=== Begin Enclosure ===

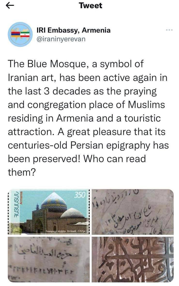 Գրառումից կարճ ժամանակ անց ՀՀ-ում Իրանի դեսպանատունը թվիթերյան էջում դիվանագիտական նուրբ պատասխան է տվել ադրբեջանցի պատգամավորներին. «Իրանական արվեստի խորհրդանիշ հանդիսացող Կապույտ մզկիթը շատ ակտիվ դերակատարում է ունեցել վերջին երեք տասնամյակների ընթացքում որպես աղոթատեղի և հավաքատեղի Հայաստանում ապրող մահմեդականների համար, ինչպես նաև ունեցել է զբոսաշրջային գրավչություն: Շատ հաճելի է, որ դարավոր գրվածքները պահպանվել են: Կարո՞ղ եք դրանք կարդալ»:
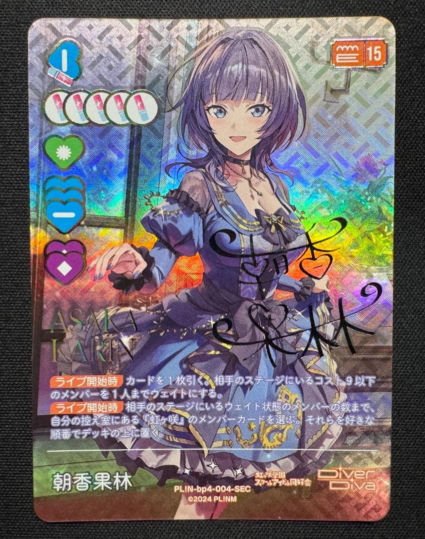 ラブライブオフィシャルカードゲーム 虹ヶ咲プレミアムブースター P+ 三船栞子 2枚セットです。開封確認後、すぐにスリーブに入れました。目立つ傷などはありませんでしたが、念の為目立った傷や汚れなしとさせていただいております。神経質な方はご購入をお控えください。必ずプロフィールをご覧になってから、ご購入をお願いいたします。即購入可です。検索用パラレルプラスセリフ箔押し
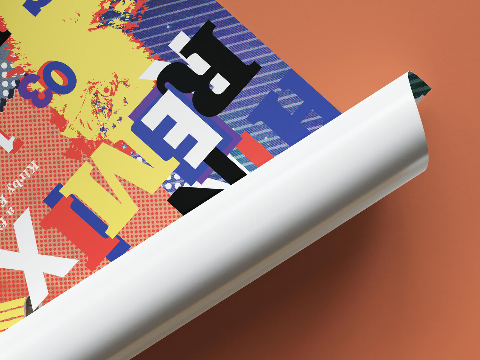 This project was created with elements I cut out and scanned from various magazines. I collaged these images and added text to make a movie poster for Everything is a Remix. The text had to include the title, theater location, release date, and the websites for the theater and the movie.I embraced the textures from scanning in images and explored layering images, textures, fonts, and bright colors. Jennifer Morla’s work inspired my design, and I enjoyed experimenting with texture and finding balance within these elements.
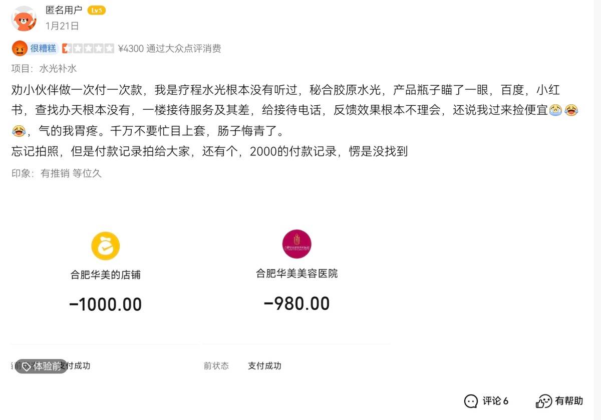 1月21日,同样有消费者评价劝其他消费者做一次付一次款。该消费者表示自己完全没有听过秘合胶原水光,看了一下产品瓶子后,在百度、小红书查找许久都没有相关信息。且该机构一楼接待服务极其差,该消费者给接待打电话反馈效果时对方根本不理会,还称该消费者是捡便宜的。这令该消费者十分生气,提醒其他消费者千万不要盲目上套。
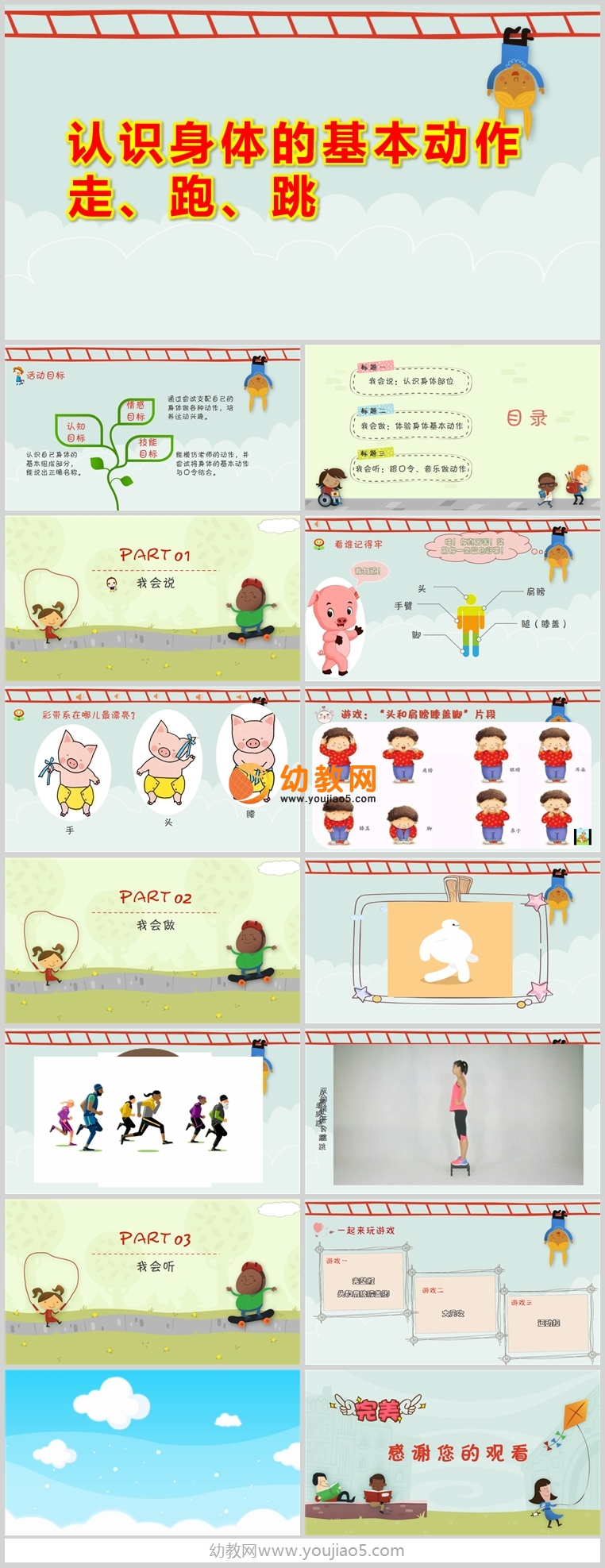 【小班健康《認識身體的基本動作:走、跑、跳》PPT課件】相關文章:
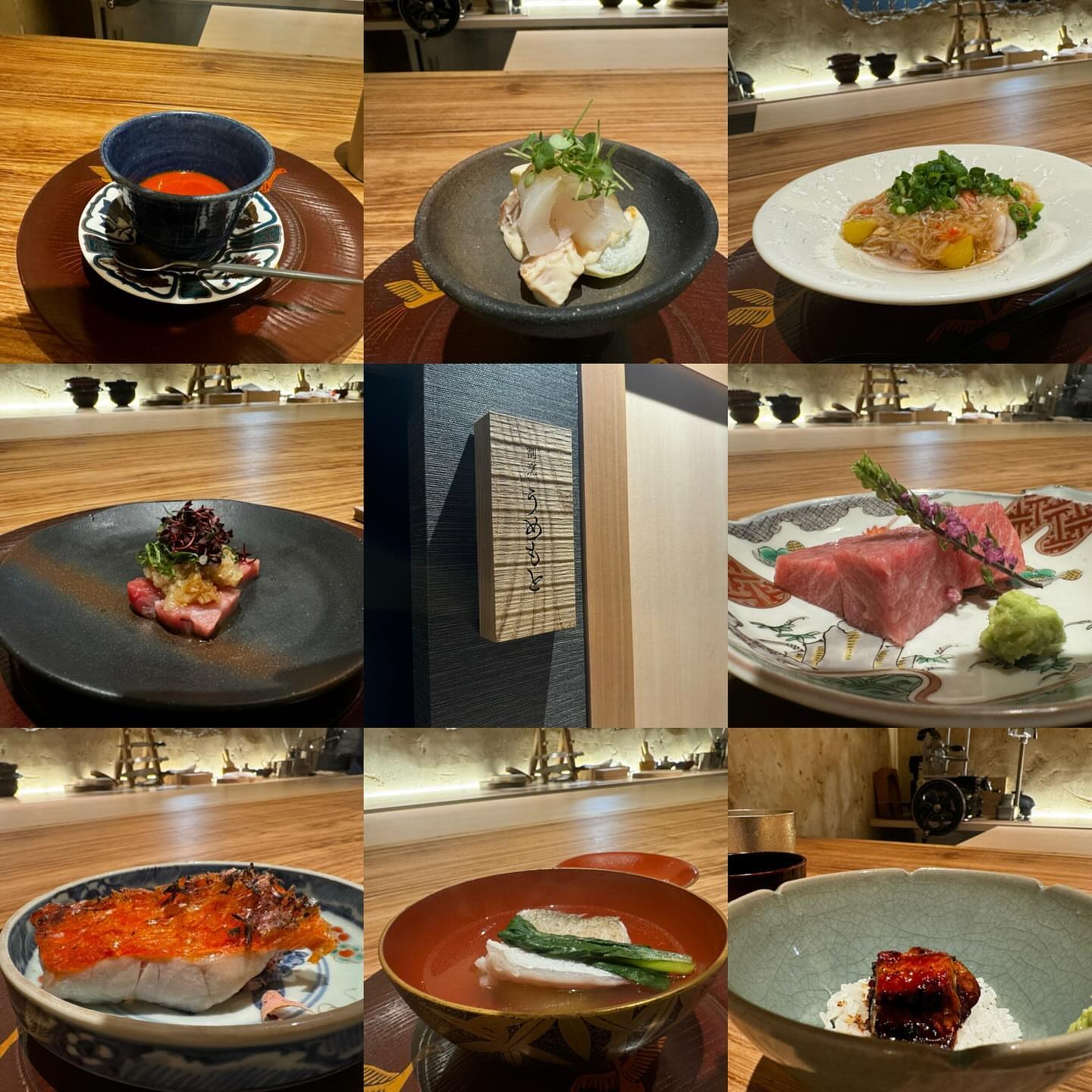 名古屋・東区の隠れ家割烹 うめもとです。和モダンで洗練された空間を活かす旬の素材の独創的なコース料理を提供します。トラフグやあか牛ヒレ、うなぎ丼など贅沢な一品が続き、海鮮丼の追加も選べます。完全予約制。
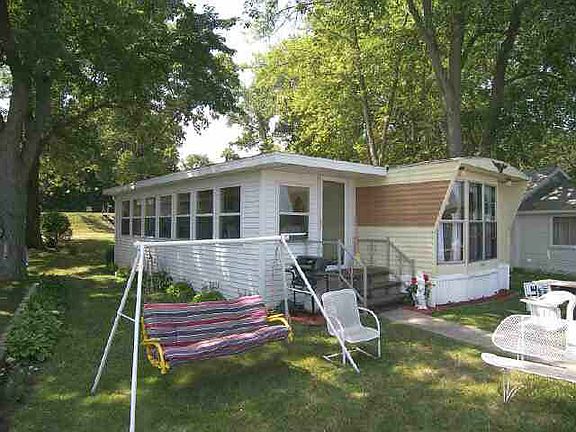 Turnkey lakefront getaway on Beaver Dam Lake (allows skiing from 1-4 pm daily). Furnished 14x60 Windsor MH with 9x28 add-on in great condition. Includes 1999 Seadoo personal watercraft (with Shorestation lift and trailor), 1994 Playbuoy 18ft pontoon with 40 HP Mercury outboard motor, paddleboat, pier, 40 foot concrete seawall and more! Panoramic views, beautiful sunsets, sandy tapered beach. Currently the lowest priced lakefront property for sale on Beaver Dam Lake. Swimming Beach Swimming Beach
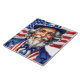 Smiling uncle Sam USA American Icon wearing an American suit and a waving American flag in the background
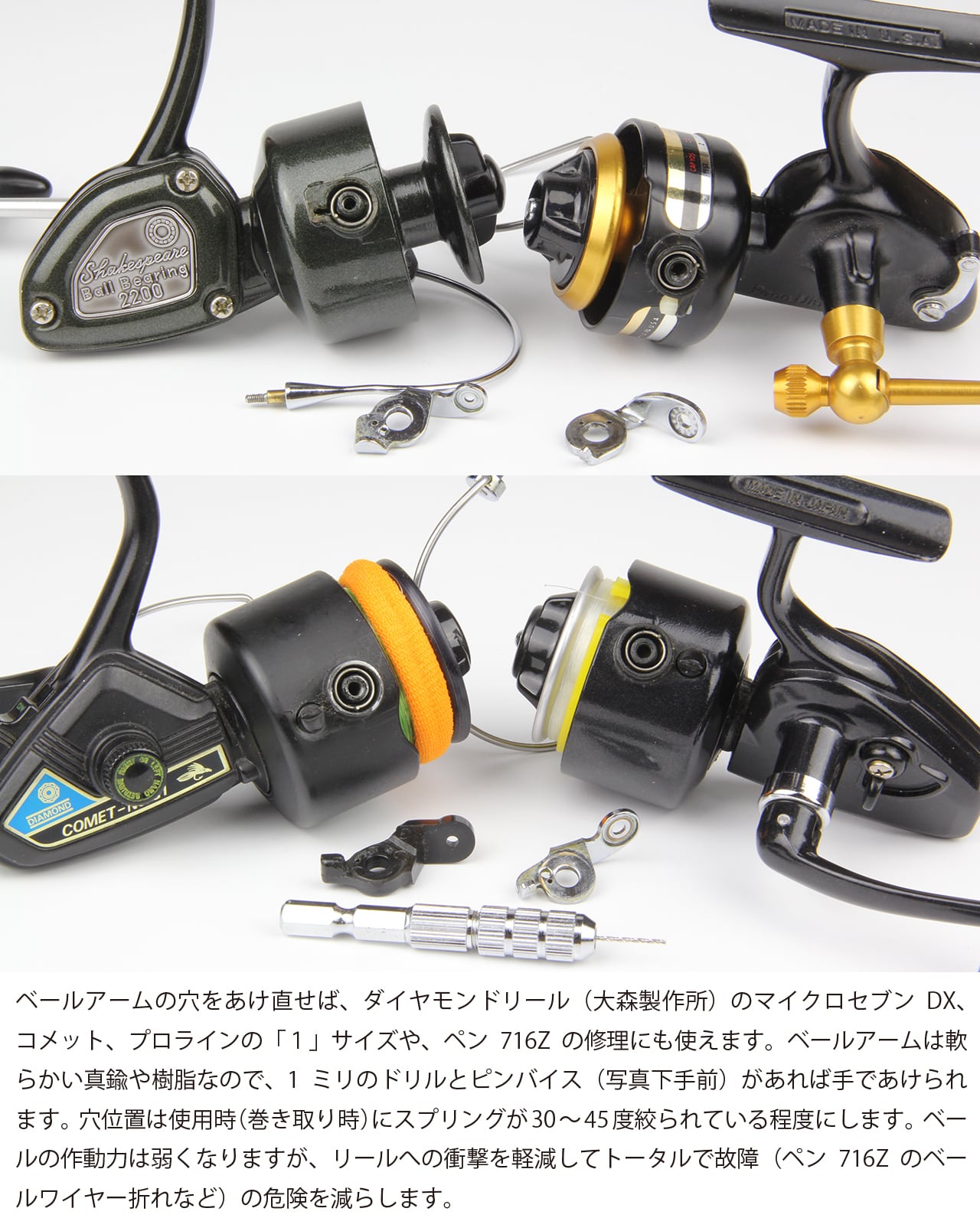 ミッチェル308/408のベールスプリングを、図面を起こしてばね会社で作りました。材質はばね用ステンレス鋼です。5巻きのスプリングが使用されているリールに適合します。

=== End Enclosure ===

> WHAT YOU HAVE TO DO:
All of the material above must be retyped exactly, line for line, with the images dropped.

> SOLVED EXERCISE:
 Գրառումից կարճ ժամանակ անց ՀՀ-ում Իրանի դեսպանատունը թվիթերյան էջում դիվանագիտական նուրբ պատասխան է տվել ադրբեջանցի պատգամավորներին. «Իրանական արվեստի խորհրդանիշ հանդիսացող Կապույտ մզկիթը շատ ակտիվ դերակատարում է ունեցել վերջին երեք տասնամյակների ընթացքում որպես աղոթատեղի և հավաքատեղի Հայաստանում ապրող մահմեդականների համար, ինչպես նաև ունեցել է զբոսաշրջային գրավչություն: Շատ հաճելի է, որ դարավոր գրվածքները պահպանվել են: Կարո՞ղ եք դրանք կարդալ»:
 ラブライブオフィシャルカードゲーム 虹ヶ咲プレミアムブースター P+ 三船栞子 2枚セットです。開封確認後、すぐにスリーブに入れました。目立つ傷などはありませんでしたが、念の為目立った傷や汚れなしとさせていただいております。神経質な方はご購入をお控えください。必ずプロフィールをご覧になってから、ご購入をお願いいたします。即購入可です。検索用パラレルプラスセリフ箔押し
 This project was created with elements I cut out and scanned from various magazines. I collaged these images and added text to make a movie poster for Everything is a Remix. The text had to include the title, theater location, release date, and the websites for the theater and the movie.I embraced the textures from scanning in images and explored layering images, textures, fonts, and bright colors. Jennifer Morla’s work inspired my design, and I enjoyed experimenting with texture and finding balance within these elements.
 1月21日,同样有消费者评价劝其他消费者做一次付一次款。该消费者表示自己完全没有听过秘合胶原水光,看了一下产品瓶子后,在百度、小红书查找许久都没有相关信息。且该机构一楼接待服务极其差,该消费者给接待打电话反馈效果时对方根本不理会,还称该消费者是捡便宜的。这令该消费者十分生气,提醒其他消费者千万不要盲目上套。
 【小班健康《認識身體的基本動作:走、跑、跳》PPT課件】相關文章:
 名古屋・東区の隠れ家割烹 うめもとです。和モダンで洗練された空間を活かす旬の素材の独創的なコース料理を提供します。トラフグやあか牛ヒレ、うなぎ丼など贅沢な一品が続き、海鮮丼の追加も選べます。完全予約制。
 Turnkey lakefront getaway on Beaver Dam Lake (allows skiing from 1-4 pm daily). Furnished 14x60 Windsor MH with 9x28 add-on in great condition. Includes 1999 Seadoo personal watercraft (with Shorestation lift and trailor), 1994 Playbuoy 18ft pontoon with 40 HP Mercury outboard motor, paddleboat, pier, 40 foot concrete seawall and more! Panoramic views, beautiful sunsets, sandy tapered beach. Currently the lowest priced lakefront property for sale on Beaver Dam Lake. Swimming Beach Swimming Beach
 Smiling uncle Sam USA American Icon wearing an American suit and a waving American flag in the background
 ミッチェル308/408のベールスプリングを、図面を起こしてばね会社で作りました。材質はばね用ステンレス鋼です。5巻きのスプリングが使用されているリールに適合します。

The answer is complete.